Local voice AI agent with hybrid memory using n8n — looking for feedback

Hi everyone,

I’m experimenting with a local-first voice AI agent using n8n.

The current setup uses:

  • Python script for audio input/output

  • local STT and TTS services

  • n8n for the workflow

  • PostgreSQL for structured memory

  • pgvector for semantic long-term memory

  • LM Studio for local LLM inference

The loop is already working end-to-end:

voice input → STT → n8n → PostgreSQL/pgvector memory → local LLM → TTS → voice output

It still feels more like a voice-enabled chat than a natural real-time conversation, so I’m now working on latency, memory retrieval quality, context filtering, and observability.

I’ve documented the prototype here:

It is still a WorkInProgress, but I’d love feedback from the community, especially around workflow structure, hybrid memory patterns, pgvector retrieval. There is so much to improve and learn! :smiley:

Thanks!

Nice project. I would look at this as two separate problems: the realtime turn loop and the memory/observability layer.

For the turn loop, I would first measure every stage separately:

- audio capture → STT latency

- n8n workflow execution time

- memory retrieval time

- local LLM time to first token and full response

- TTS start time and full audio generation

That usually shows whether the system feels like a chat because of orchestration delay, model delay, or TTS delay. n8n is great as the orchestrator, but I would avoid putting anything slow or optional in the critical path of a voice turn.

For hybrid memory, I would keep three memory layers instead of one big retrieval step:

1. short rolling conversation buffer

2. structured state in Postgres, for stable facts/preferences/tasks

3. semantic recall from pgvector, with a small top_k and source/type tags

Then add a filter step before the LLM: which memories are actually relevant to this turn, and why? Logging that decision is very useful when the agent starts recalling odd context.
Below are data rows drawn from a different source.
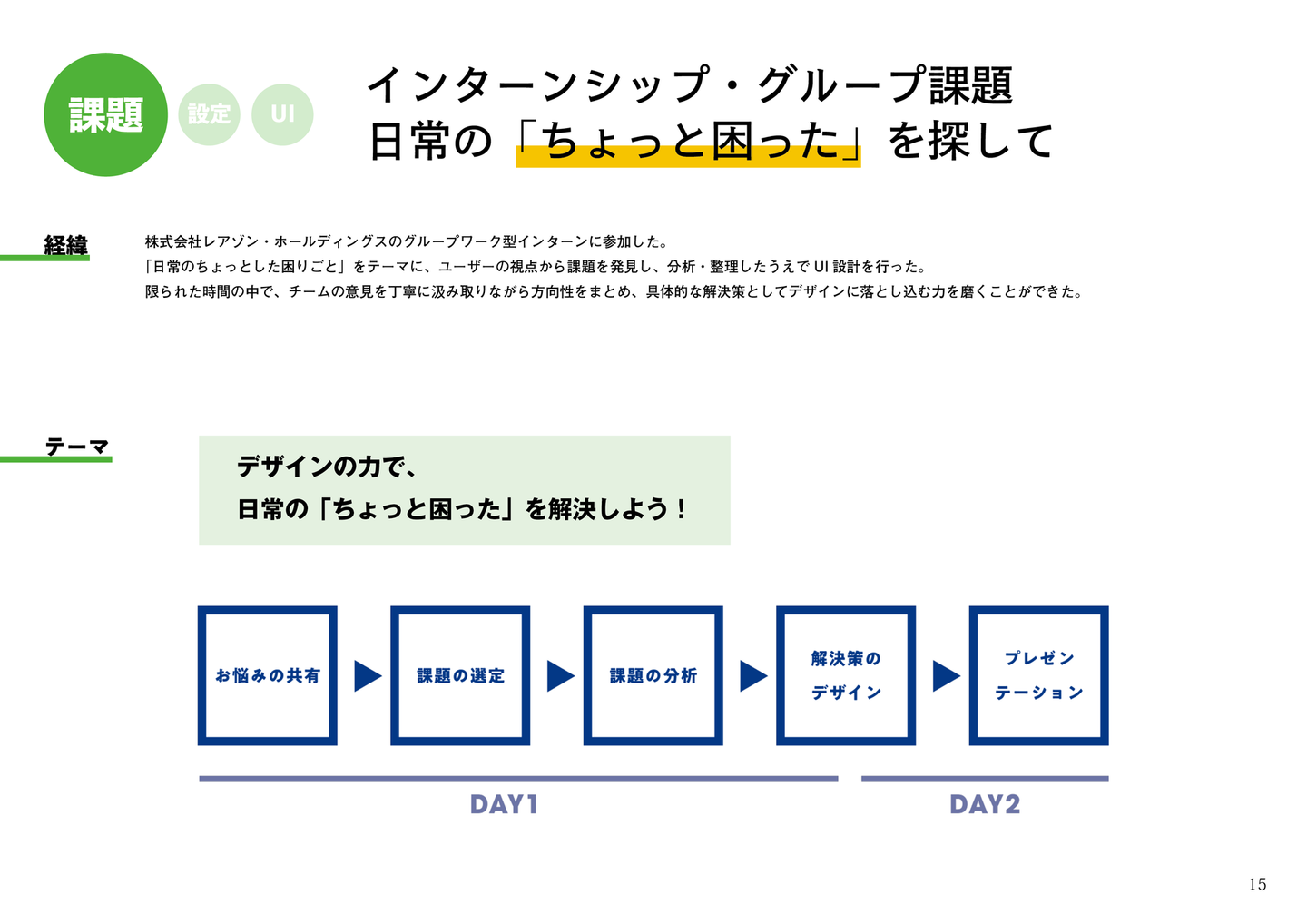 インターンシップで「日常の『ちょっと困った』を解決する」というテーマ課題にグループで取り組んだ。
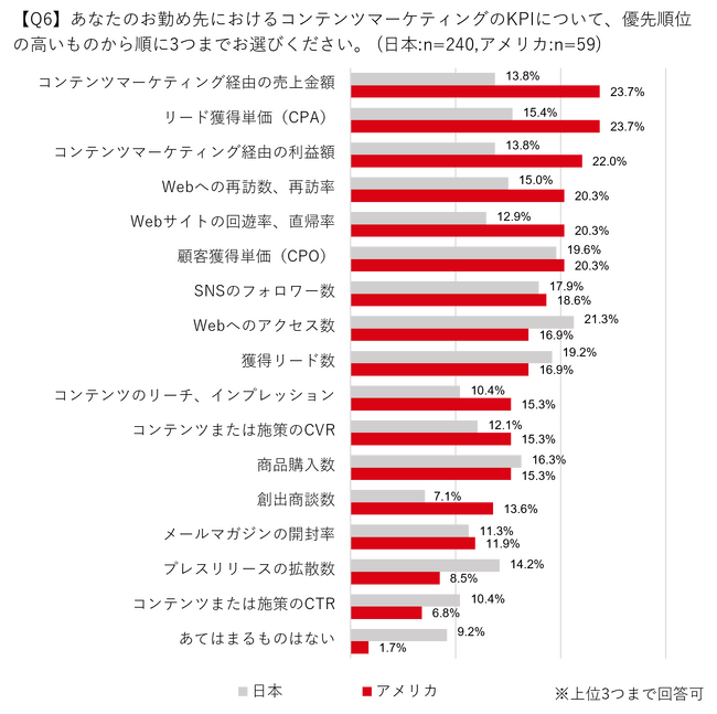 これに対しアメリカの回答トップ3は、「コンテンツマーケティング経由の売上金額」(23.7%、日本より9.9ポイント+)と「リード獲得単価(CPA)」(23.7%、日本より8.3ポイント+)、「コンテンツマーケティング経由の利益額」(22.0%、日本より8.2ポイント+)という結果になりました。
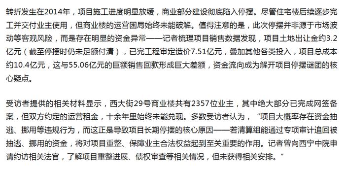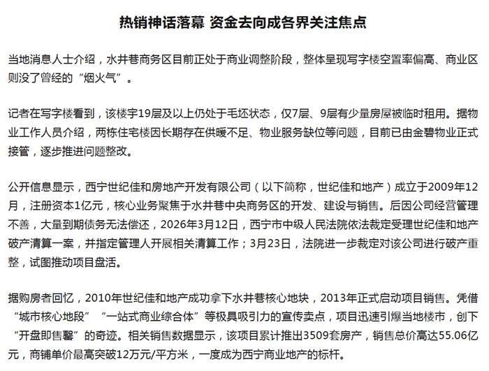 作为西宁核心商圈的重点商业综合体项目,水井巷中央商务区曾位列青海省“十二五”重点规划项目,肩负着打造区域商业中心的重要使命。然而,该项目自2013年开盘热销后,便陷入长期停摆状态。
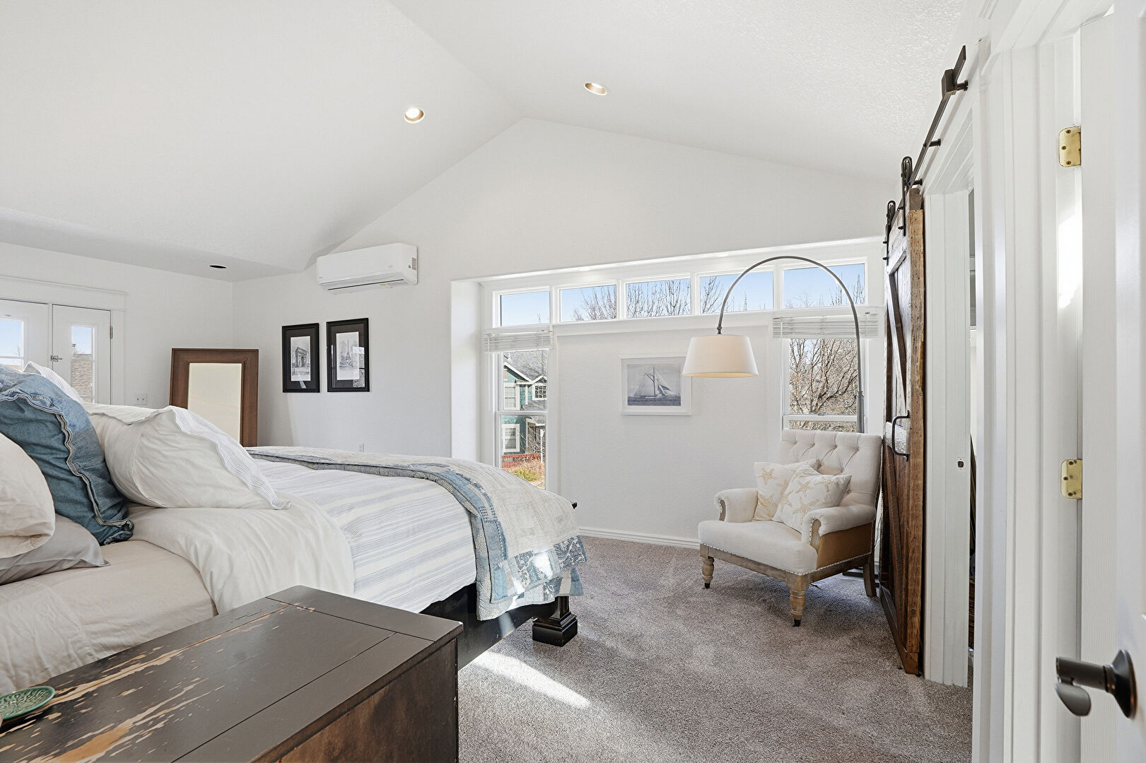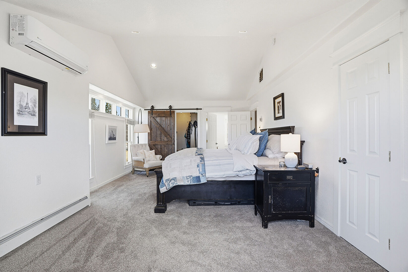 Access To Exterior, Barn Door, Baseboard Radiator, Baseboards Wall, Built In Shelves, Carpet, Cathedral Ceiling, Drywall, Ensuite Bathroom, French Doors, High Ceiling, Indoor Bar, Natural Light, Recessed Lighting, Vaulted Ceiling, Vent, Walk In Closet, Wall Mounted Ac, Baseboard Radiator, Baseboards Wall, High Ceiling, Natural Light
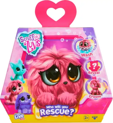 Hvem kommer du til at redde? Kaninen, killingen eller hvalpen? Start med at give den et bad, vask farven ud og opdag hvem du reddede! Tør og børst din nye plysven!
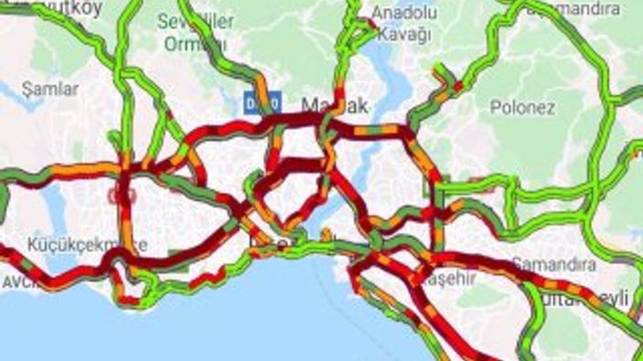 Mesainin bitimiyle birlikte ise İstanbul trafiğinde de yoğunluk yaşandı. Yer yer trafik durma noktasına gelirken, İstanbul Büyükşehir Belediyesi yoğunluk haritasında yüzde 83'lere çıktığı görüldü.
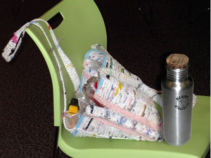 And he is a living testament to his convictions. His bag, knitted from plastic grocery bags, is a reminder of plastic in the environment, while his naturally-corked stainless steel water bottle demonstrates his dedication to reducing his own personal consumption of plastic. I must say, I’ve taken many, many steps to lower my plastic footprint, but seeing that cork in his Klean Kanteen blew me away.
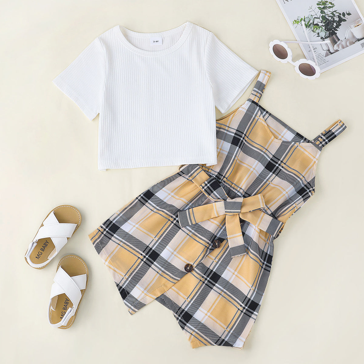 Toddler Girl Plaid Casual Cool Asymmetric Strap Dress & T-shirt Dress Set Wholesale

For observability, I would add a correlation_id per voice turn and write one row per stage with status, duration, and error. That makes it much easier to debug partial failures like “STT worked, memory retrieval worked, but TTS failed” without reading full private transcripts.

One design detail I would consider: write long-term memory after the response is generated, not before. That reduces the chance of noisy intermediate thoughts or failed turns getting stored as durable memory.

The combo of pgvector for semantic recall + PostgreSQL structured memory is a solid foundation for this kind of agent. One thing worth thinking about on the latency side: for short-context turns (e.g. follow-up questions where the user is clearly continuing from the last exchange), you could skip the pgvector retrieval entirely and just use the rolling buffer. The semantic lookup adds meaningful latency and often isn’t needed when the context is already fresh in the window.

Thank you for the comments!
I have already teste parallel processing the memory store and the TTS response, but setting it behind the response might be more efficient as you say.
At the minute the system works one round (user-response) everytime, since I wanted to make it work first. Now I will focus on the conversation loop process and improve processing time. The current time does not feel too long, like waiting but it is not a real-time conversation yet.

Thank you for your help!

Thank you for the tip! I will have it in consideration!